At least four other California cities have signed agreements to work with Mortgage Resolution Partners, but none have taken the step of contacting bondholders about loan sales.
The lawsuit alleges that the proposed use of eminent domain is unconstitutional because it benefits a small group of Richmond citizens at the expense of out-of-state investors, violating the law on interstate commerce. The lawsuit also argues that loans aren't being seized for a valid public purpose—a key criterion for a city that invokes eminent domain.
"Mortgage Resolution Partners has led the city of Richmond into an unprecedented use of eminent domain seizure that is unconstitutional, harmful to homeowners and taxpayers, and unfair to millions of individual savers and investors," said John Ertman, a partner at Ropes & Gray in New York.
An MRP representative said it was confident its proposal is "entirely within the law." "No investor in any trust will be made worse off by the sale of any loan," said a company spokesman.
Richmond officials said Wednesday they didn't have an immediate response to the lawsuit.
Eminent domain allows a government to acquire property by force that is then reused in a way considered good for the public—new housing or roads. Property owners are entitled to compensation, often determined by a court. Instead of acquiring houses, Richmond would buy the mortgages.
Legal advocates of the eminent-domain plan have said that constitutional challenges aren't likely to hold up in court. The loan strategy wouldn't burden interstate commerce "because it doesn't prevent credit from flowing in any particular way," said Robert Hockett, a Cornell University law professor who advocates for using eminent domain to seize underwater mortgages.
"This is a bluff," said Mr. Hockett. "It's meant to scare city officials into saying, 'Oh, who are we to argue with the big guns.' "
Supporters say their plan would help not only specific homeowners but also the broader community by reducing foreclosures that are hurting property values and eroding the tax base. "It's the responsibility of banks to fix this, and they haven't, so we're taking it into our hands," Richmond Mayor Gayle McLaughlin said in a call with reporters last week.

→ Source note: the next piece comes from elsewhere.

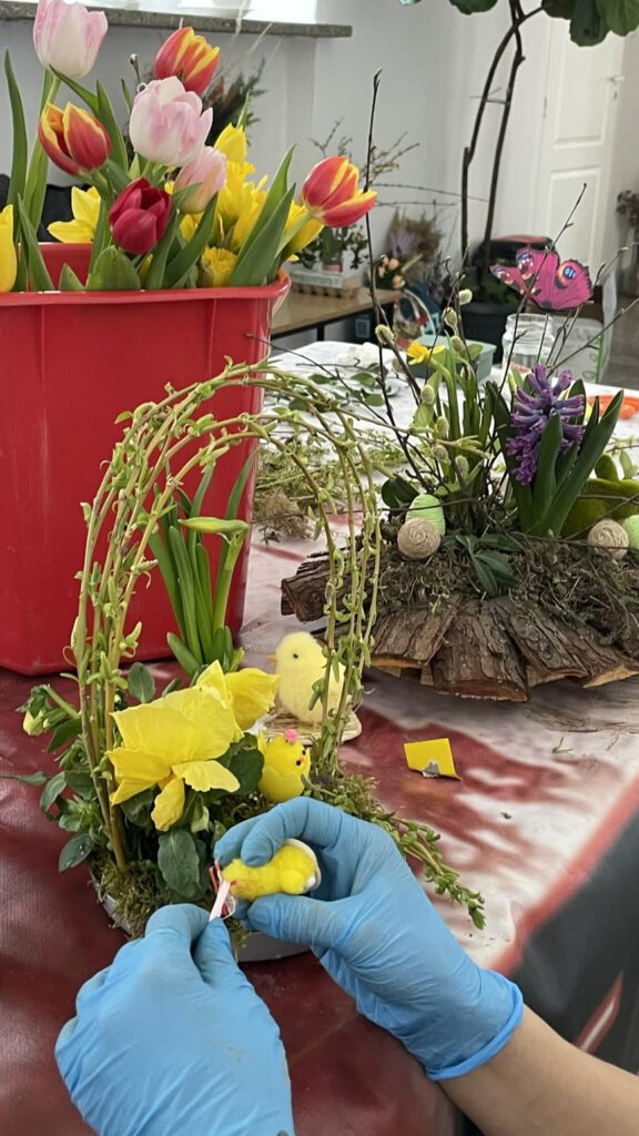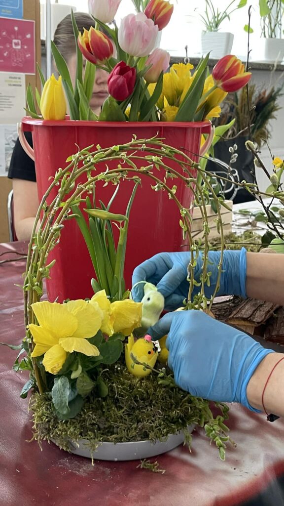 Słuchaczki szkoły policealnej na kierunku florysta miały okazję wykazać się swoją kreatywnością, tworząc stroiki wielkanocne w stylu wegetatywnym.

Of the loans that Richmond wants to buy, more than two-thirds, or 444, are current on their payments. Investors say that seizing loans that are current on their payments from mortgage-bond trusts would significantly degrade the value of those investments. They say if the plan moves ahead lenders will require significant down payments or higher rates in communities where the threat of loan-seizures exists—much the way a sovereign-debt default can raise borrowing costs for a country.

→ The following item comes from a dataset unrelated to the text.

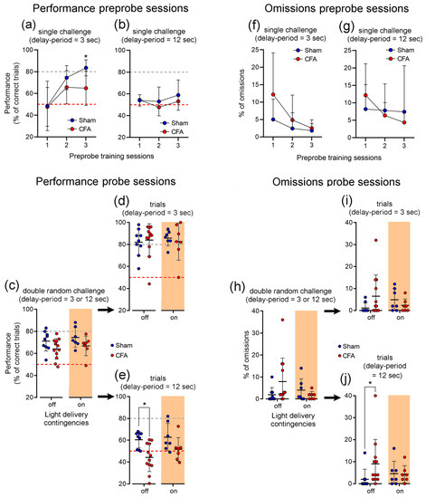 To further analyze the impact of trial omissions on the WM performance of each experimental group, we calculated the percentage of omissions per behavioral contingency (Figure 4f,g). In respect to pre-probe sessions, we found that CFA-treated rats exhibited a higher percentage of omissions when compared to controls using a delay-period challenge of 3 s (KW = 14.41, p = 0.0132; Figure 4f), but this effect was not extended to 12 s sessions (KW = 7.00, p = 0.2210; Figure 4g). In the case of the probe sessions composed of double random challenges (Figure 4h), no significant differences were observed between groups and optogenetic treatments (KW = 4.72, p = 0.1933). Next, from these sessions we took into consideration only the trials that corresponded to each contingency (Figure 4i,j). For 3 s challenge, no significant effect between treatments was observed (KW = 4.26, p = 0.2346; Figure 4i), in contrast to the 12 s challenge (KW = 7.81, p = 0.050; Figure 4j). Moreover, for 12 s without light inhibition the post hoc test revealed that CFA-treated rats performed more omissions when compared to controls (light-off: sham vs. CFA, p < 0.05; post hoc Dunn’s test).

Ms. McLaughlin said threats by banks to raise the costs or change the terms of mortgages to borrowers in her city would amount to "redlining"—a term used for an allegation that banks have at times refused to lend money to certain communities where minorities live.

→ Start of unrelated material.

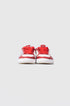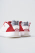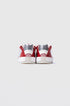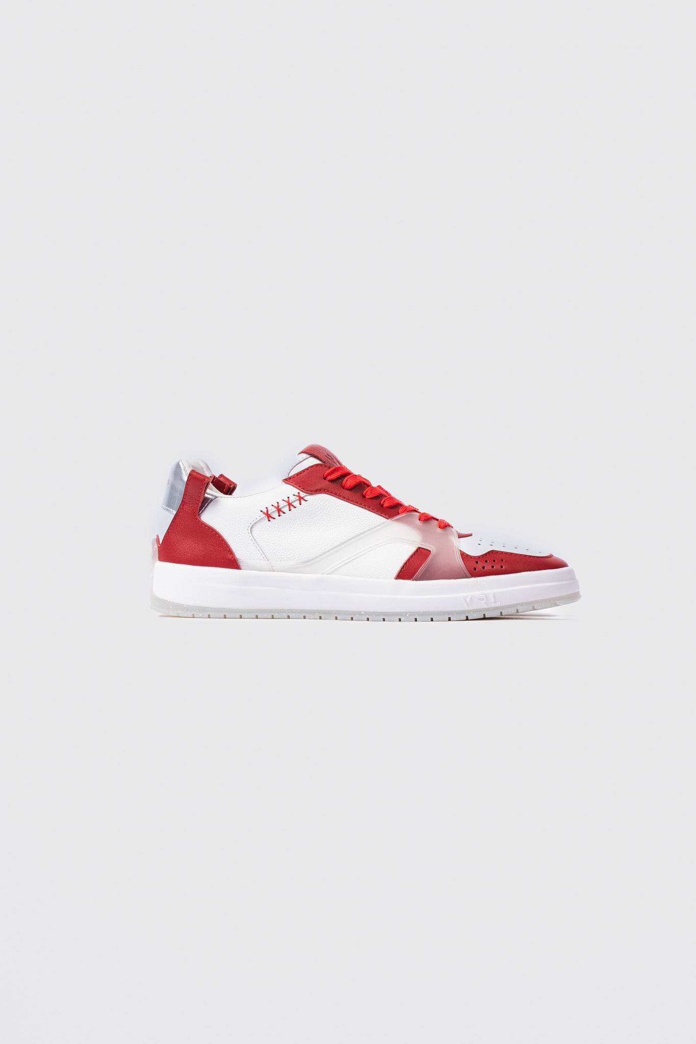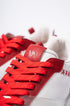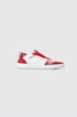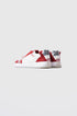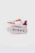 - White full-leather upper with red and silver accents

"It's not redlining," said Scott Simon, who retired in May as a managing director at Pimco. "If you were a lender, would you lend in an area that could literally say, 'Oh, I know you lent someone $100, but we are going to say you only get $50'?"
Investors also say they're worried that the seizures only make economic sense for a city if local officials are able to buy loans at big discounts. "You cannot invest where your money is going to be expropriated—that's a key tenet of investing," said Jonathan Lieberman, head of residential mortgage investing at Angelo Gordon & Co., an investment adviser. The firm is considering whether to join the lawsuit.
The Richmond plan would work like this: for a home with an existing $300,000 mortgage that now has a market value of $150,000, Richmond might argue the loan is worth only $120,000. If a judge agreed, the city's private financiers would fund the seizure of the loan, paying the current loan investors that reduced amount.
Then, they could offer to help the homeowner refinance into a new $145,000, 30-year mortgage backed by a government agency. That would leave $25,000 in profit, minus the origination costs, to be divided between the city, Mortgage Resolution Partners and its investors.
The proposal was set back earlier this year when officials in San Bernardino, Calif., voted against taking up the proposal after several months of hearings. But labor unions and community activists have helped galvanize support in a handful of new cities.